Ancora il giorno dopo, già il venerdì di quella settimana, in una conferenza stampa a Nayarit, di nuovo con i militari in uniforme sul palco, López Obrador è andato oltre. Un giornalista ha chiesto ai segretari della Difesa Nazionale e della Marina la loro opinione sulle accuse contenute nel rapporto GIEI, ma López Obrador non ha permesso loro di rispondere: «No», ha detto al giornalista. «Sono il comandante supremo delle forze armate e il presidente del Messico. Ecco perché voglio rispondere. Perché non è vero. È una campagna senza fondamento contro l’esercito messicano. In generale, non hanno ragione. È una campagna per minare, per indebolire le forze armate. Se ciò che sostengono fosse vero, due generali non sarebbero in prigione per la scomparsa dei giovani di Ayotzinapa».

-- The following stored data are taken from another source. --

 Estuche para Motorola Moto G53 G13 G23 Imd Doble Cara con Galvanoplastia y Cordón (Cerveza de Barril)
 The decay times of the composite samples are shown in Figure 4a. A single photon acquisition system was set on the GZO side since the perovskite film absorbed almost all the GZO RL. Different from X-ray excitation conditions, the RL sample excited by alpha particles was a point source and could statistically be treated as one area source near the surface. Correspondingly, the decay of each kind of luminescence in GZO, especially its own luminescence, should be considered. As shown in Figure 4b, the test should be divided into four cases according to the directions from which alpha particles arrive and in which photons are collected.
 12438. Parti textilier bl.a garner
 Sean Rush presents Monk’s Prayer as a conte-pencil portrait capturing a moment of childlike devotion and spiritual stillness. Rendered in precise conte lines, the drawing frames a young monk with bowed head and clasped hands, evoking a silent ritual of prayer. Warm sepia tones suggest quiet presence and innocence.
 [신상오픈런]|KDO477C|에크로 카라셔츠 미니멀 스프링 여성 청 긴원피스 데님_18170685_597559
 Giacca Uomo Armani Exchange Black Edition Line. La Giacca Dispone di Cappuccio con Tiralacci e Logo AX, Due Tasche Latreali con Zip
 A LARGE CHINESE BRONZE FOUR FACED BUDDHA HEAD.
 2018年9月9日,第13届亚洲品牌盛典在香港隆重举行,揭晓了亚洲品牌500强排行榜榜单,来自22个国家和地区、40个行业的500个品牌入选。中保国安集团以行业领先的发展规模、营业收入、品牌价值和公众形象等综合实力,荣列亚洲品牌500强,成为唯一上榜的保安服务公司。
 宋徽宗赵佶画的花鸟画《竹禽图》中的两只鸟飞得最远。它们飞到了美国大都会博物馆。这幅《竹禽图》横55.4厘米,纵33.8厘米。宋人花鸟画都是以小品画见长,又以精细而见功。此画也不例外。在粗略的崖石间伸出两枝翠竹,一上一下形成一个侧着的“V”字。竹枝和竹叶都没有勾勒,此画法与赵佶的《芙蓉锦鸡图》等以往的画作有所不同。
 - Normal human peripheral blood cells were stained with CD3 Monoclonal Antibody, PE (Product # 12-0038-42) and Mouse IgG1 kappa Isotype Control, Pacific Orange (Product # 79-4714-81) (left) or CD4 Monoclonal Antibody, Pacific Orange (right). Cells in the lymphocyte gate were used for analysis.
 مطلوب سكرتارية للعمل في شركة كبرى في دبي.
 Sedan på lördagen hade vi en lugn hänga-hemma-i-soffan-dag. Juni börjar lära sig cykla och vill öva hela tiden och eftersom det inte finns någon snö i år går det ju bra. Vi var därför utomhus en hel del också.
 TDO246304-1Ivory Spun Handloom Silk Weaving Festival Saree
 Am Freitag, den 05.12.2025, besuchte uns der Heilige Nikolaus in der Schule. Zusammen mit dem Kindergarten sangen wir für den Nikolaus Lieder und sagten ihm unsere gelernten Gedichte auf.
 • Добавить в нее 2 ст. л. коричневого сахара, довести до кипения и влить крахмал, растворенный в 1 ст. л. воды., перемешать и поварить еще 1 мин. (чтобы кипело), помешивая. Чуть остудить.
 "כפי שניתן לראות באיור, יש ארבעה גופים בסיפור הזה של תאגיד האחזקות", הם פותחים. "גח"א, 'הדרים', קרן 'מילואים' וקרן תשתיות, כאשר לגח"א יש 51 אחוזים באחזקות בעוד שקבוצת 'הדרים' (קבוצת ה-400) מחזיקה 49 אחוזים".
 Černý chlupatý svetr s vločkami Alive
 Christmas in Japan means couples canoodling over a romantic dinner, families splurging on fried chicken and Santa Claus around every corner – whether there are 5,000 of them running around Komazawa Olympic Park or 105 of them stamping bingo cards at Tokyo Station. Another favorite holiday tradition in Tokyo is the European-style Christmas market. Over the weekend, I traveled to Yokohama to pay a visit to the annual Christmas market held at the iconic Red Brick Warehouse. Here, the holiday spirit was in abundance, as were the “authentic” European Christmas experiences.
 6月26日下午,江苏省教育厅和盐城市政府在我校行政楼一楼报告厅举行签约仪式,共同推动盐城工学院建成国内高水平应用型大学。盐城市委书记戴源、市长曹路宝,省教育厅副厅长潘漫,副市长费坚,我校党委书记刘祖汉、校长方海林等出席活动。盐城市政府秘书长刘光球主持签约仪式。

Il fatto che due generali siano in carcere è completamente diverso dal fatto che Sedena neghi l’esistenza della documentazione che il GIEI ha scoperto registrata nei propri archivi.
Il GIEI ha appena pubblicato un rapporto di 316 pagine con prove e documentazione degli otto anni e dieci mesi di menzogne, con una sezione di 146 pagine sulle attuali bugie di Sedena e Semar, basate sui loro stessi documenti. E il presidente, come Peña Nieto o Murillo Karam, risponde con “non è vero che la Marina e la Difesa non stanno aiutando”. Ecco quanto è facile mentire dall’apice del potere. È così facile, proprio come hanno fatto i membri del PRI del “superatelo” e “questa è la verità storica dei fatti”.
Quando un politico vuole negare la realtà, vuole proteggere i suoi favoriti, vuole nascondere l’orrore esercitato dall’istituzione che dirige, è solo necessario mentire e ripetere la menzogna senza esitazione.
Ciò che López Obrador aggiunge all’arte della menzogna politica è la vecchia e affidabile tattica della ragione arrogante di squalificare la persona con cui litiga: coloro che lo interrogano, coloro che lo mettono di fronte alle prove, sono ora “conservatori” e “progressisti di buone vibrazioni” che lavorano al servizio dei loro “avversari” per lanciare “una campagna per minare, per indebolire le forze armate”.
Questo, naturalmente, è detto dal presidente che ha dato più potere all’esercito, come ha segnalato Santiago Aguirre, direttore del Centro per i diritti umani Miguel Agustín Pro Juárez, durante la conferenza stampa delle famiglie dei 43 studenti scomparsi il 27 luglio: “L’esercito è un’istituzione che ha più poteri di prima. Più budget di prima e che deve rendere conto meno di prima, in quanto sta attivamente sabotando due dei principali interessi di questo governo nei diritti umani: il caso Ayotzinapa e giungere alla verità sulla guerra sporca”. Lo stesso Aguirre, durante la precedente amministrazione e questa, è stato bersaglio di spionaggio con Pegasus, spyware di cui Sedena è il principale cliente.
Ma, per il presidente, niente di tutto ciò esiste, non ci sono prove, nulla è vero, tutto è una campagna dei suoi avversari.
Forse è per questo che, Mario González, padre del normalista scomparso César Manuel, quando critica le bugie di Sedena, quando critica López Obrador per averle lasciate mentire, quando esprime la richiesta delle madri e dei padri degli studenti scomparsi di avere un incontro urgente con il presidente, sente anche il bisogno di chiarire una cosa e “dire al presidente che non veniamo da nessuno. Veniamo da una parte del dolore. Veniamo dal fatto che non abbiamo trovato i nostri figli”.
Articolo originale pubblicato su A donde van los desaparecidos, tradizione Christian Peverieri.